首页 > 解决方案 > 使用 Scrapy 发送 post 请求

问题描述

我正在学习如何使用 Scrapy 进行网络抓取,但在抓取动态加载的内容时遇到了问题。我正在尝试从发送 POST 请求的网站上抓取电话号码以获取该号码:这是它发送的 Post 请求的标头:

Host: www.mymarket.ge
User-Agent: Mozilla/5.0 (Windows NT 10.0; Win64; x64; rv:77.0) Gecko/20100101 Firefox/77.0
Accept: */*
Accept-Language: en-US,en;q=0.5
Accept-Encoding: gzip, deflate, br
Referer: https://www.mymarket.ge/en/pr/16399126/savaWro-inventari/fulis-yuTi
Content-Type: application/x-www-form-urlencoded; charset=UTF-8
X-Requested-With: XMLHttpRequest
Content-Length: 13
Origin: https://www.mymarket.ge
Connection: keep-alive
Cookie: Lang=en; split_test_version=v1; CookieID=eyJ0eXAiOiJKV1QiLCJhbGciOiJIUzI1NiJ9.eyJEYXRhIjp7IklEIjozOTUwMDY2MzUsImN0IjoxNTkyMzA2NDMxfSwiVG9rZW5JRCI6Ik55empxVStDa21QT1hKaU9lWE56emRzNHNSNWtcL1wvaVVUYjh2dExCT3ZKWT0iLCJJc3N1ZWRBdCI6MTU5MjMyMTc1MiwiRXhwaXJlc0F0IjoxNTkyMzIyMDUyfQ.mYR-I_51WLQbzWi-EH35s30soqoSDNIoOyXgGQ4Eu84; ka=da; SHOW_BETA_POPUP=B; APP_VERSION=B; LastSearch=%7B%22CatID%22%3A%22515%22%7D; PHPSESSID=eihhfcv85liiu3kt55nr9fhu5b; PopUpLog=%7B%22%2A%22%3A%222020-05-07+15%3A13%3A29%22%7D

这是身体:

PrID=16399126

我成功地复制了reqbin.com上的发布请求,但不知道如何使用 Scrapy 来完成。这就是我的代码的样子:

class MymarketcrawlerSpider(CrawlSpider):
    name = "mymarketcrawler"
    allowed_domains = ["mymarket.ge"]
    start_urls = ["http://mymarket.ge/"]

    rules = (
        Rule(
            LinkExtractor(allow=r".*mymarket.ge/ka/*", restrict_css=".product-card"),
            callback="parse_item",
            follow=True,
        ),
    )

    def parse_item(self, response):
        item_loader = ItemLoader(item=MymarketItem(), response=response)

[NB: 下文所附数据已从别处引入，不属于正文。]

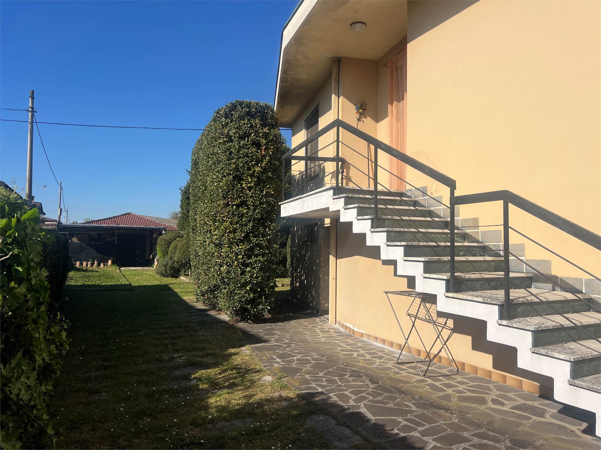 Villa singola con ampio giardino, disposta su due livelli: al livello primo ingresso con tinello, soggiorno e cucina, disimpegno, due camere e bagno per un totale di 120 mq, oltre a balcone di 15 mq.
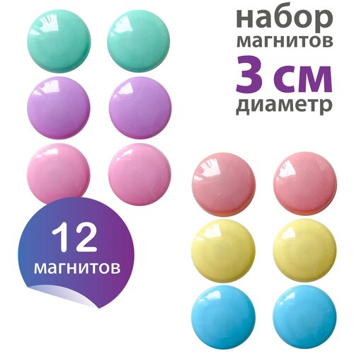 Ферритовые Магниты для холодильника доски флипчарта 12 шт 30 мм пастельные цвета

        def parse_num(response):
            try:
                response_text = response.text
                response_dict = ast.literal_eval(response_text)
                number = response_dict['Data']['Data']['numberToShow']
                nonlocal item_loader
                item_loader.add_value("number", number)
                yield item_loader.load_item()
            except Exception as e:
                raise CloseSpider(e)


        yield FormRequest.from_response(
            response,
            url=r"https://www.mymarket.ge/ka/pr/ShowFullNumber/",
            headers={
                "Host": "www.mymarket.ge",
                "User-Agent": "Mozilla/5.0 (Windows NT 10.0; Win64; x64; rv:77.0) Gecko/20100101 Firefox/77.0",
                "Accept": "*/*",
                "Accept-Language": "en-US,en;q=0.5",
                "Accept-Encoding": "gzip, deflate, br",
                "Referer": "https://www.mymarket.ge/ka/pr/16399126/savaWro-inventari/fulis-yuTi",
                "Content-Type": "application/x-www-form-urlencoded; charset=UTF-8",
                "X-Requested-With": "XMLHttpRequest",
            },
            formdata={"PrID": "16399126"},
            method="POST",
            dont_filter=True,
            callback=parse_num
        )
        item_loader.add_xpath(
            "seller", "//div[@class='d-flex user-profile']/div/span/text()"
        )
        item_loader.add_xpath(
            "product",
            "//div[contains(@class, 'container product')]//h1[contains(@class, 'product-title')]/text()",
        )
        item_loader.add_xpath(
            "price",
            "//div[contains(@class, 'container product')]//span[contains(@class, 'product-price')][1]/text()",
            TakeFirst(),
        )
        item_loader.add_xpath(
            "images",
            "//div[@class='position-sticky']/ul[@id='imageGallery']/li/@data-src",
        )
        item_loader.add_xpath(
            "condition", "//div[contains(@class, 'condition-label')]/text()"
        )
        item_loader.add_xpath(
            "city",
            "//div[@class='d-flex font-14 font-weight-medium location-views']/span[contains(@class, 'location')]/text()",
        )
        item_loader.add_xpath(
            "number_of_views",
            "//div[@class='d-flex font-14 font-weight-medium location-views']/span[contains(@class, 'svg-18')]/span/text()",
        )
        item_loader.add_xpath(
            "publish_date",
            "//div[@class='d-flex left-side']//div[contains(@class, 'font-12')]/span[2]/text()",
        )
        item_loader.add_xpath(
            "total_products_amount",
            "//div[contains(@class, 'user-profile')]/div/a/text()",
            re=r"\d+",
        )
        item_loader.add_xpath(
            "description", "//div[contains(@class, 'texts full')]/p/text()"
        )
        item_loader.add_value("url", response.url)
        yield item_loader.load_item()

上面的代码不起作用;未填充数字字段。我可以将数字打印到屏幕上,但无法将其保存到 csv 文件中。csv 文件中的数字列是空白的,它不包含任何值。

标签: web-scrapingscrapy

解决方案


Scrapy 以异步方式工作,每个要抓取的链接、要处理的每个项目等都放在一个队列中。这就是您产生请求并等待 SpiderDownloader、ItemPipeline 等处理您的请求的原因。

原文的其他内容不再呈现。